Step out of the kaleidoscope and into a room with blue striplights on the stairs. Camouflage netting on the walls. Trap music snapping on an empty, spotlit dance floor. The feeling we’ve been here before: a place where all the codifiers and mediators of fun mean it’s hard to have any. On TV screens, we roam through a CGI version of the place we’re in, which is a nightclub called Temple no a subterranean Brutalist car park near Temple tube stop no a multiplication of the two.

Lawrence Lek’s ‘Temple OST’ (2019) provokes in me two quite specific experiences: one is having died in a video game that allows you to watch the other players continue to fight it out; the other is sitting on blue stairs in an emptying nightclub where the staff are giving you looks like why are you here. Both experiences involve missing out: the failure of having died, while everyone else is still playing; the FOMO that keeps you from going home. Virtual and material worlds fuse in a premonitory déjà visité. I will have been here.

Camouflage netting on the walls. Trap music snapping on an empty, spotlit dance floor.

Leave Lek’s Temple and encounter Chen Wei’s ‘Pillar of Broken’ (2015), a lightbox photograph of what could be a futuristic fuel cell, but is actually a mirrored column that has toppled and cracked: at once a symbol of utopian promise and its dissolution.

Chen’s image seems emblematic of a wider project within the exhibition, which takes its name from Lawrence Ferlinghetti’s poem ’I Am Waiting’, whose speaker longs for dramatic social change — ‘a rebirth of wonder’. The poem is a hopeful prophecy that also feels mired by its repetitive ‘waiting’, with the speaker listing the destructive forces of culture, while taking no action to eradicate them.
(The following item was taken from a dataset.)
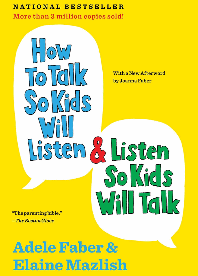 There are of course innumerable books on parenting and child-rearing, most of which I have no time to read because by the time I'm done being a parent for the day, I'm too exhausted to read more about it. And, really, who wants to read about parenting when you're living the stuff 24/7? Except on Parenting Stack Exchange, of course. However, there is one particular book I happened to discover that was shockingly helpful, even after barely ten pages in. If you ever need to deal with children aged 2 to 99, stop reading right now and go buy How to Talk So Kids Will Listen & Listen So Kids Will Talk.
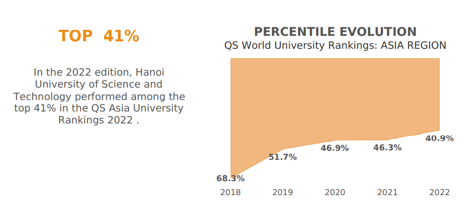 Theo bảng xếp hạng các trường đại học châu Á năm 2022 của tổ chức giáo dục Quacquarelli Symonds (QS) công bố ngày 2/11, Trường Đại học Bách khoa Hà Nội giữ vị trí 281-290, nằm trong tốp 41% các trường đại học được xếp hạng.

Like Ferlinghetti’s poem, Chen’s ‘Pillar of Broken’ is caught between renaissance and decline.

At once a symbol of utopian promise and its dissolution

For Transformer, decline is hypersaturation, information overload. Rebirth requires carving new connective paths through a noise of signs and symbols. ‘Will you find beauty in this sea of data?’ asks the voiceover in one of Korakrit Arunanondchai’s video works.

Arunanondchai’s films combine subjects worlds apart: from his grandmother putting on her slippers to snake deities writhing on post-apocalyptic plains. Elsewhere, we find Victoria Sin, in Sailor Moon-inspired latex, guiding us through the chakras. Meanwhile, Jenn Nkiru’s hypnotic videos mash up the Nation of Islam with James Baldwin, Chance the Rapper and Sun Ra. All of these works present highly idiosyncratic, mediated worlds, with a poetics of saturation, combining signs as personal as they are political. But they are easily parsable. We take our cues from music videos, drag, and YouTube supercuts respectively, barely blinking. These are ludic works with their hats in the ring.

Meanwhile, Jenn Nkiru’s hypnotic videos mash up the Nation of Islam with James Baldwin, Chance the Rapper and Sun Ra.

Jean Baudrillard gives us the example of Disneyland to illustrate how we can no longer differentiate between reality and a simulacrum: Disneyland’s obvious fictitiousness and childishness coerces us into believing that the rest of the world isn’t governed by similar fictions and childish ideologies.

Transformer goes the other way. By examining the shortcomings in culture, and braiding together reality with the symbols and signs that also construct it, we emerge from the exhibition’s subterranean world(s) into one that seems a little more hopeful. A world in which we might find beauty in a sea of data. In which we might shape better fictions and find new connections to affect change. Exit the theme-park-car-park. Enter a world in which Lawrence Ferlinghetti is still waiting.